═══ Material provided ═══

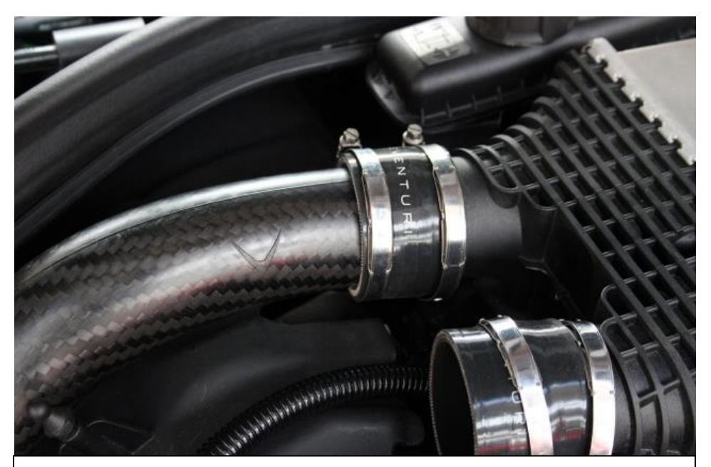
13. Now push into the upper silicons. For easier access you can loosen the charge cooler and lift it slightly.
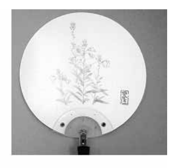
" MATSUYOIGUSA" Grass is drawn on the back.

(KYOTO JAPAN) -- Nissin Electric Co, Ltd has developed a luminous round fan named "YOIMACHI HOTARU
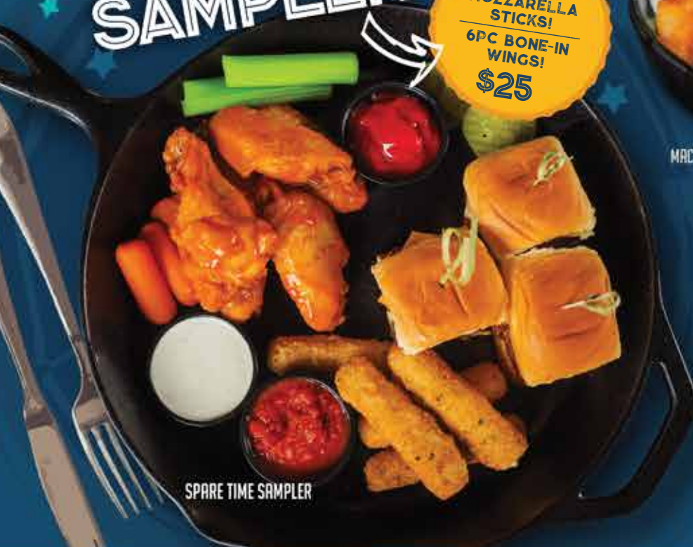
SPARE TIME SAMPLER

BEEF SLIDERS! MOZZARELLA STICKS! 6PC BONE-IN WINGS! $25
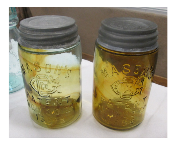
Pair of amber swirled pint Mason's GCCo Patent Nov. 30<sup>TH</sup> 1858
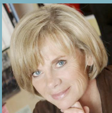
Élisabeth Guigou President of the Anna Lindh Foundation
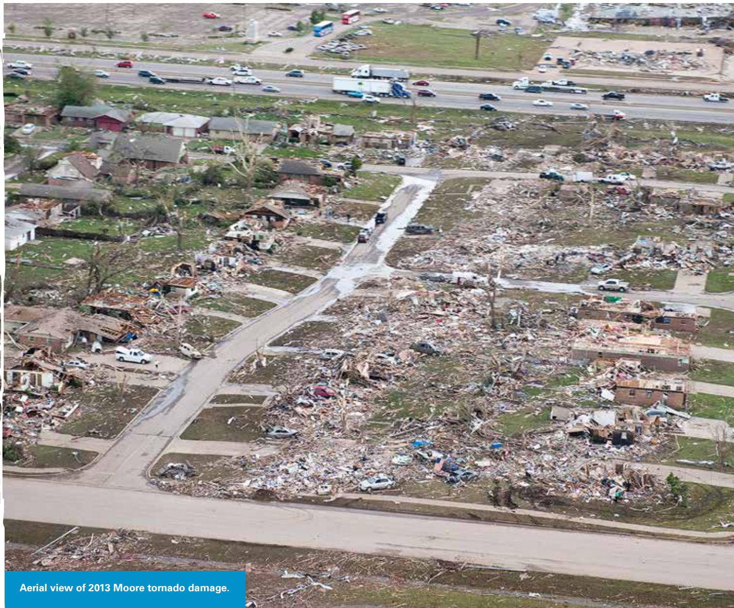
Aerial view of 2013 Moore tornado damage.

Post-Disaster activities included outreach to victims including phone calls, emails and giving out $10,000 in gift cards. Status update calls/emails to families affected by Sandy every 2-3 weeks.
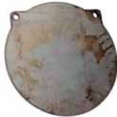
10" Gong Plate

USA made gong plates for years of shooting enjoyment! These plates are cut from certified AR/NM500 steel plate and have been bead blasted and primed to make sure you get the highest quality gongs. Please make sure you follow industry safe practices with the use of any steel target and always wear ear and eye protection. The 12" and 16" models are 1/2" thick plate and the 6, 8, and 10" gongs are 3/8" thick plates. All products are backed by our customer service that makes sure you are satisfied. If you have never shot steel gongs, you don't know the fun you are missing! AR/NM500 Gong Plates - USA Made - Bead Blasted and Primed
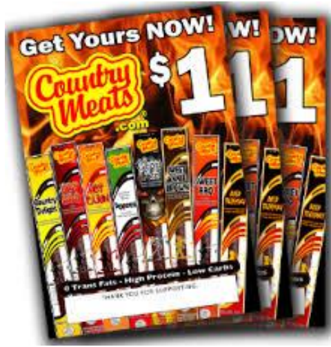
Country Meats Smoked Snacks

Cash and Checks Accepted. Credit cards accepted at concerts only.
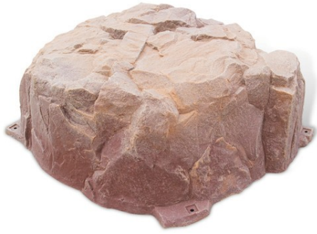
NA0335P01 AUTUMN BLUFF 34"L x 32"W x 15"H (COVERS LIDS UP TO 13" ABOVE GRADE)
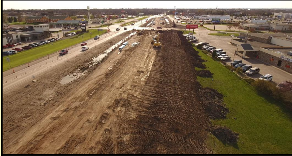
Project Photo: Bridge removals @ I-29 (looking west)
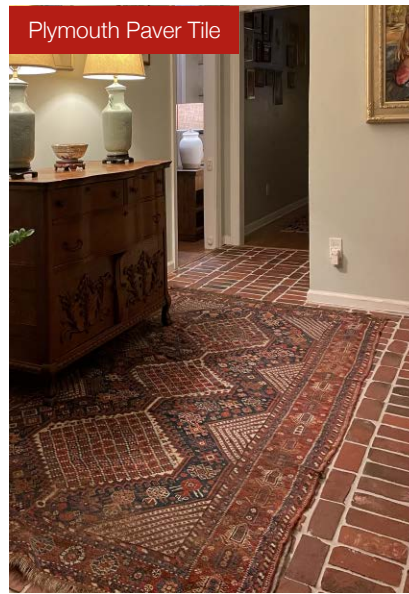
Plymouth Paver Tile

Paver Tiles™ are 1/2" or 3/4"* clay brick tiles that install like traditional ceramic tile. They allow homeowners to bring the timeless appeal of clay brick to spaces with height or weight restrictions. Paver Tiles are great for interior projects or rehabilitating outdoor spaces and are available in all of Pine Hall Brick's popular clay paver colors and textures.
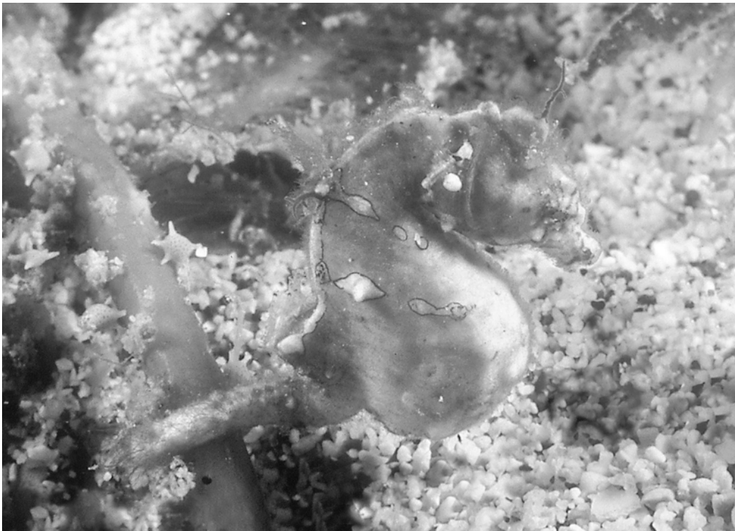
Fig. 2. Hippocampus colemani, paratype AMS I41181-002, in situ.
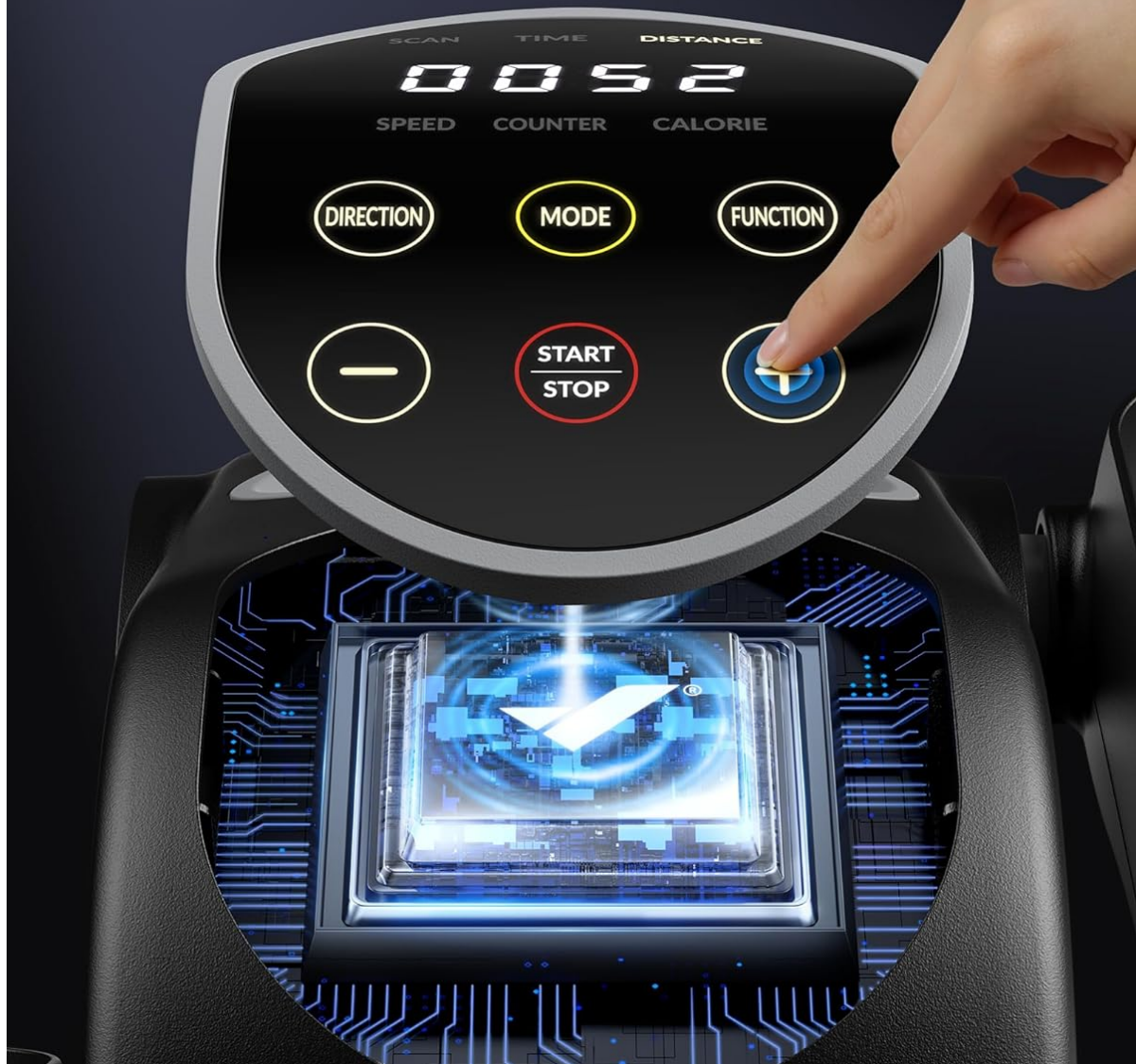
Image: Close-up of the MERACH E32-2025 control panel and remote control, showing various function buttons.

Núcleo inteligente – Velocidad, Precisión, Fiabilidad
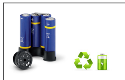
Dispose the battery pack in battery recy-
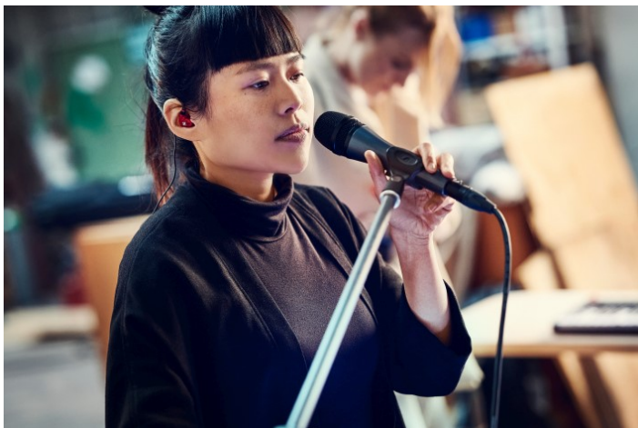
The IE 100 PRO in-ears with their precise, single-driver sound let you monitor with detail and perform with confidence

Whether performing on stage, or recording and mixing in the studio, monitors can be a musician's best friend. Sennheiser's dynamic IE 100 PRO in-ear monitors are a great gift that will let her perform with confidence. They will give her a precise acoustic overview for live performances thanks to their dynamic drivers that deliver a warm sound that's both powerful and rich in detail. Even in extremely loud environments, they sound exceptionally distortion-free and defined. Tough enough for the rigors of live performance yet comfortable enough to wear for hours, these small but mighty in-ears will delight.
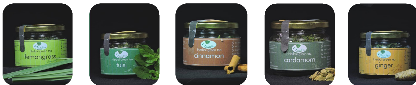
Sambru Green Tea with 5 different flavours

The incubation support helped the startup to promote products in the market and the farmers set up the new technology. The CIRCOT R-ABI expert's view helped the startup to channel the program on right track and expand the business idea to farmers all over India.
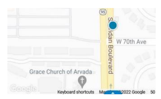
Bus 72 (Westbound) W. 72<sup>nd</sup> Ave & Sheridan Blvd .32 miles

Bus 51 (Northbound) W. 70th Ave & Sheridan Blvd (East Side) .09 miles

═══

→ What you should do: Among the lines above, find those holding the word "miles" and state how many there are, number only.

→ Task response: 2